* [RECORDED DATA]
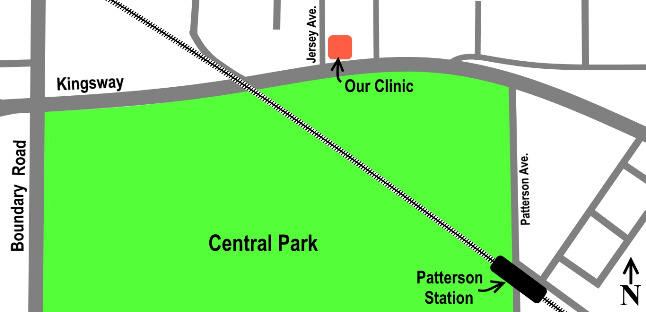 Located across Kingsway street from Central Park in Burnaby. Our Clinic is a 10 minute walk from Patterson Skytrain station. Our location has parking with an entrance off of Jersey Avenue. Including handicap access.
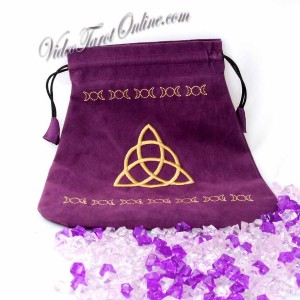 Una bolsa de terciopelo morado ricos bordados con hilo de oro de color en el diseño de triple diosa. El interior de la bolsa está llena de un satén morado a juego. Cuando usted tira de las dos cadenas en la parte superior de la bolsa de la parte superior reúne mantenimiento de sus tarjetas de seguro. Esta bolsa es adecuada para todas las tarjetas del tarot de tamaño estándar. Es decir. Rider Waite tarjetas, Mythic Tarot, etc Sharman-Caselli cubierta Estas bolsas adaptarse a todas las cartas del Tarot se venden en Holisticshop.co.uk. También son adecuados para todas las tarjetas de ángel que vendemos en el sitio en que todas las cartas de Doreen Virtue. También pueden, por supuesto, ser utilizado para otras actividades como la conservación de los objetos preciosos cristales de seguridad o de otro tipo. La Triple Diosa es el símbolo representado en esta bolsa. No es el símbolo de triple diosa lunar (tres fases de la luna), a lo largo de la línea superior y la línea de fondo, y también está el símbolo de los tres veces elíptica en el centro de la bolsa. Ambos representan la idea de la diosa triple. 20cm x 22cm x 18cm.
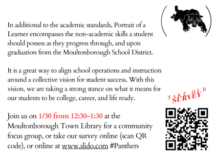 The Moultonborough School District has embarked on the process to create a Prek-12 Portrait of a Learner this school year as a way to encompass…

* [WORK TASK]
With the pictures removed, return the full listing exactly as given.

* [WRITTEN REPLY]
 Located across Kingsway street from Central Park in Burnaby. Our Clinic is a 10 minute walk from Patterson Skytrain station. Our location has parking with an entrance off of Jersey Avenue. Including handicap access.
 Una bolsa de terciopelo morado ricos bordados con hilo de oro de color en el diseño de triple diosa. El interior de la bolsa está llena de un satén morado a juego. Cuando usted tira de las dos cadenas en la parte superior de la bolsa de la parte superior reúne mantenimiento de sus tarjetas de seguro. Esta bolsa es adecuada para todas las tarjetas del tarot de tamaño estándar. Es decir. Rider Waite tarjetas, Mythic Tarot, etc Sharman-Caselli cubierta Estas bolsas adaptarse a todas las cartas del Tarot se venden en Holisticshop.co.uk. También son adecuados para todas las tarjetas de ángel que vendemos en el sitio en que todas las cartas de Doreen Virtue. También pueden, por supuesto, ser utilizado para otras actividades como la conservación de los objetos preciosos cristales de seguridad o de otro tipo. La Triple Diosa es el símbolo representado en esta bolsa. No es el símbolo de triple diosa lunar (tres fases de la luna), a lo largo de la línea superior y la línea de fondo, y también está el símbolo de los tres veces elíptica en el centro de la bolsa. Ambos representan la idea de la diosa triple. 20cm x 22cm x 18cm.
 The Moultonborough School District has embarked on the process to create a Prek-12 Portrait of a Learner this school year as a way to encompass…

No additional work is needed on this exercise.